Test whether any other node in the system can fence the problematic node: A high-level fencing test to perform is to perform a manual fence to see whether any of the nodes in your system can fence the node for which fencing has failed. If all of the nodes cannot perform the fence action, there is probably something wrong that prevents the device being specified as corresponding to the actual device. For example, in a Pacemaker system you make have an incorrect or missing pcmk_host list.

See: Administrative procedure - Acknowledging manual fencing: RHEL 6 or 7 with pacemaker | RHEL 6 with cman

Test your fence agent parameters: Ultimately, your troubleshooting procedure may involve testing each individual parameter that the fence device touches in the course of operation to determine whether that parameter is set correctly and to analyze what is happening in your system in regards to that parameter.

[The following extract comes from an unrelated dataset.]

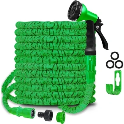 【8 Modes Hose Pipe Spray Gun】The SHATCHI hose pipe spray gun has 8 modes including misting, soaking, full, shower, centre, cone, jet and angle. You'll love this garden hose spray gun. Lightweight & Space Save:The garden hose can expand up to 3 times(100ft) of its original length. It also can retract down to its original shape for easy storage light weight and portable size, convenient to carry. User-Friendly: Its expandable and retractable design, coupled with the adjustable spray nozzle, ensures that users can effortlessly control the water flow and tailor it to suit specific watering needs. Hose hanger supplied. 【Complete Accessories & High Quality】Our expandable hose pipe is available with 1/2'' and 3/4'' connectors and are suitable for most garden taps. It is made of 600D polyester Webbing with No leakage that ensures the hose a longer lifespan. Multi-Purpose Use: The 100FT Expandable Garden Hose Pipe is suitable for various watering tasks, such as gardening, lawn maintenance, washing cars, cleaning windows, and other outdoor cleaning activities. Drain water and avoid direct sun when not in use., Weight: 1.763698096 Pounds, Manufacturer: Shatchi Ltd

In order to do this, you can manually fence your node passing the same parameters that you configured for your system to see what the command returns.

Update your fence configuration: If you determine that a parameter of your fence configuration requires an update, you can then modify your fence device configuration to reflect this correct. At this point you can run a `pcs status' command to be sure that your system is behaving as designed.

A system running Pacemaker will continue to show errors after they have been resolved. If you are confident you have corrected your issue, you can clear those error messages from your display with a pcs stonith cleanup or a pcs resource cleanup command.

Manually fence to recover from hardware errors, if necessary: If you find yourself in a situation where a piece of hardware has failed, there is no way to reintroduce that node to the cluster quickly. The failed device may not have released its resources, however, and the other nodes in the cluster can not determine that fencing has occurred. In this case, you can manually acknowledge that fencing has occurred.